# 3. Working with data

## 3.0 Preamble

At the top of almost every piece of scientific computing work, we'll import these standard modules.

In [38]:
# Import modules, and give them short aliases so we can write e.g. np.foo rather than numpy.foo
import math, random
import numpy as np
import matplotlib.pyplot as plt
import scipy
import scipy.optimize
import pandas
# The next line is a piece of magic, to let plots appear in our Jupyter notebooks
%matplotlib inline 

# 3.1 What data looks like

Scientific computing is all about the data. You will almost always work with data in the form of a spreadsheet-like table, often referred to as a _data frame_. For example, here are some rows from the classic [Iris](https://en.wikipedia.org/wiki/Iris_flower_data_set) dataset, introduced by [Ronald Fisher](https://en.wikipedia.org/wiki/Ronald_Fisher) in 1936. Fisher was described as a "genius who almost single-handedly created the foundations for modern statistical science".

| Sepal.Length | Sepal.Width | Petal.Length | Petal.Width | Species |
|----------------------------------------------------------------|
| 7.7          |        3.8  |         6.7  |        2.2  |  virginica
| 5.3          |        3.7  |         1.5  |        0.2  |     setosa
| 5.8          |        2.7  |         5.1  |        1.9  |  virginica
| 5.5          |        2.4  |         3.7  |        1.0  | versicolor
| 6.7          |        3.0  |         5.2  |        2.3  |  virginica
| ...

A data frame is a collection of named columns. Each column has the same length, and all entries in a column have the same type, though different columns may have different types. It is basically the same as a table in a relational database (except that you should think of scientific data tables as permanent logs of observations, so that UPDATE and DELETE database operations are irrelevant).

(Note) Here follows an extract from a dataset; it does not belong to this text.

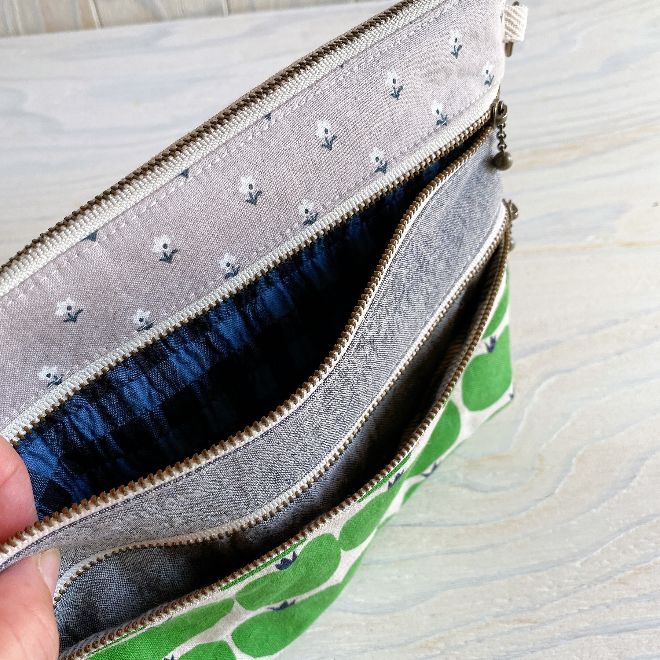 マチ付き3ファスナーポーチ・ポシェットにもなります(ミドリトマト)

In Python, we have some options about how to store data frames. A simple choice, which we'll use in this notebook, is to store them as dictionaries of `numpy` vectors, e.g.

In [3]:
iris = {'Sepal.Length': np.array([7.7, 5.3, 5.8, 5.5, 6.7]),
        'Sepal.Width': np.array([3.8, 3.7, 2.7, 2.4, 3.0]),
        'Petal.Length': np.array([6.7, 1.5, 5.1, 3.7, 5.2]),
        'Petal.Width': np.array([2.2, 0.2, 1.9, 1.0, 2.3]),
        'Species': np.array(['verginica', 'setosa', 'virginica', 'versicolor', 'verginica'])}

* Why not store it as a `numpy` matrix? Because all elements in a `numpy` matrix have to be the same type.
* What's bad about storing data frames as a dictionary of vectors? Because we might accidentally set some columns to have different lengths. Also, because we have to write bothersome code for simple tasks like picking out rows.
* Does it have to be `numpy` vectors rather than plain Python lists? Numpy is great for speed, as we learnt in Section 2, but for small datasets or for custom column types it's fine to use lists.
Also, `numpy` doesn't have a standard type for categorical data (like `Species` in the example above), which is a bother.
* Why not use object-oriented design and invent a class for data frames? That's exactly what the [`pandas`](http://pandas.pydata.org/) module does. It is currently the best library for working with data in Python, widely used inside companies like Google. However, it has idiosyncratic syntax which takes some time to learn. Also, I think it's not yet mature, and by the time you graduate there will probably be something better. If you want to learn data science right now you should learn to use `pandas`.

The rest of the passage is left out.